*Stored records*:
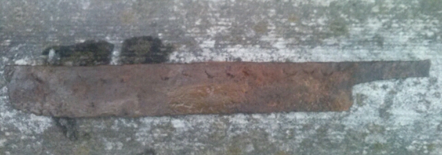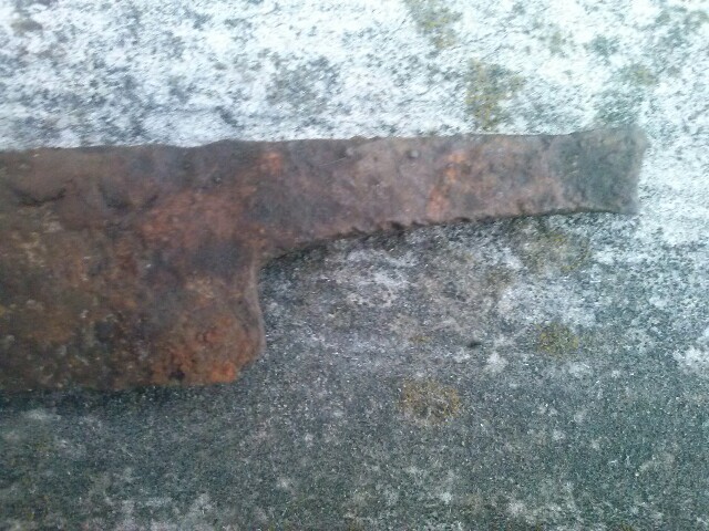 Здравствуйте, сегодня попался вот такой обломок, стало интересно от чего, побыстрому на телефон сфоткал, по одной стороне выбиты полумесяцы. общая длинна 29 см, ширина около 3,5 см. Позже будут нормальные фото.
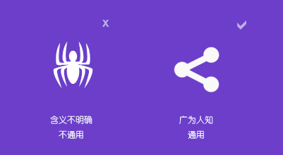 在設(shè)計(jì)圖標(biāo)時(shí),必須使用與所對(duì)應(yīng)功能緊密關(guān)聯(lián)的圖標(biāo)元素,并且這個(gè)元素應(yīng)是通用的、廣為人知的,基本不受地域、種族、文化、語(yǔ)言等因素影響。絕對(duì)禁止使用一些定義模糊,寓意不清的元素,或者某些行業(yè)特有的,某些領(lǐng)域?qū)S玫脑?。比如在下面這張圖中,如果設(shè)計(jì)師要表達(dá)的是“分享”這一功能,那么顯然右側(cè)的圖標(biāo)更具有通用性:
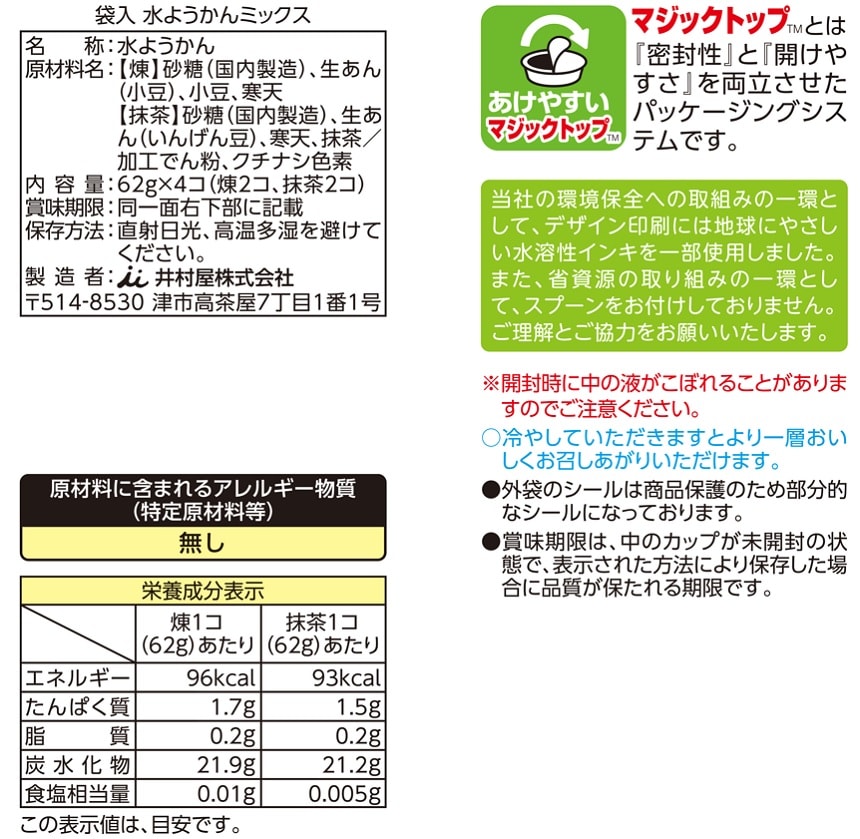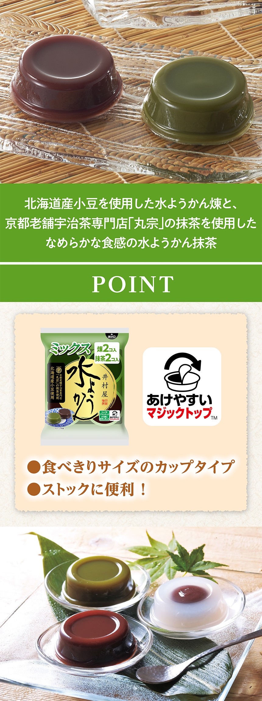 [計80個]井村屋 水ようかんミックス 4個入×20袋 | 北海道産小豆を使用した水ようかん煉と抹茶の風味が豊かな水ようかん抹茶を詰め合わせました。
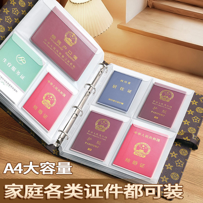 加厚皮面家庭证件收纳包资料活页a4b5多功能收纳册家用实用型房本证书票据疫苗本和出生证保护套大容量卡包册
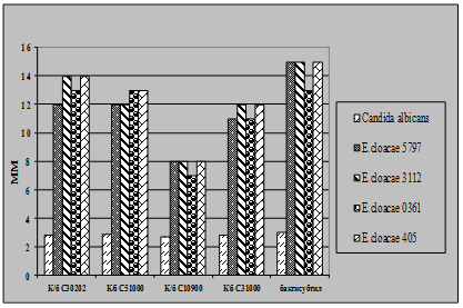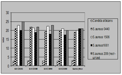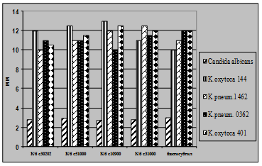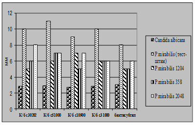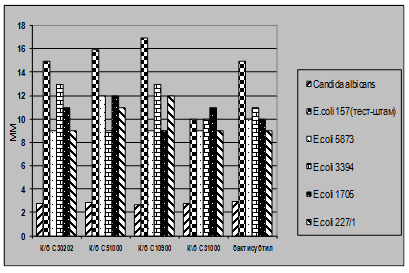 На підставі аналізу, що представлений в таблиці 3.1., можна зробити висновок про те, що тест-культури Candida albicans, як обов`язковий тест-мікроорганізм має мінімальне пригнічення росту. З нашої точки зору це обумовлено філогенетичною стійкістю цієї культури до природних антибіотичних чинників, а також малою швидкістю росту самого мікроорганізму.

*WHAT YOU ARE ASKED TO DO*: The answer must be an exact copy of the entries, with the pictures omitted.

*ANSWER AREA*:
 Здравствуйте, сегодня попался вот такой обломок, стало интересно от чего, побыстрому на телефон сфоткал, по одной стороне выбиты полумесяцы. общая длинна 29 см, ширина около 3,5 см. Позже будут нормальные фото.
 在設(shè)計(jì)圖標(biāo)時(shí),必須使用與所對(duì)應(yīng)功能緊密關(guān)聯(lián)的圖標(biāo)元素,并且這個(gè)元素應(yīng)是通用的、廣為人知的,基本不受地域、種族、文化、語(yǔ)言等因素影響。絕對(duì)禁止使用一些定義模糊,寓意不清的元素,或者某些行業(yè)特有的,某些領(lǐng)域?qū)S玫脑?。比如在下面這張圖中,如果設(shè)計(jì)師要表達(dá)的是“分享”這一功能,那么顯然右側(cè)的圖標(biāo)更具有通用性:
 [計80個]井村屋 水ようかんミックス 4個入×20袋 | 北海道産小豆を使用した水ようかん煉と抹茶の風味が豊かな水ようかん抹茶を詰め合わせました。
 加厚皮面家庭证件收纳包资料活页a4b5多功能收纳册家用实用型房本证书票据疫苗本和出生证保护套大容量卡包册
 На підставі аналізу, що представлений в таблиці 3.1., можна зробити висновок про те, що тест-культури Candida albicans, як обов`язковий тест-мікроорганізм має мінімальне пригнічення росту. З нашої точки зору це обумовлено філогенетичною стійкістю цієї культури до природних антибіотичних чинників, а також малою швидкістю росту самого мікроорганізму.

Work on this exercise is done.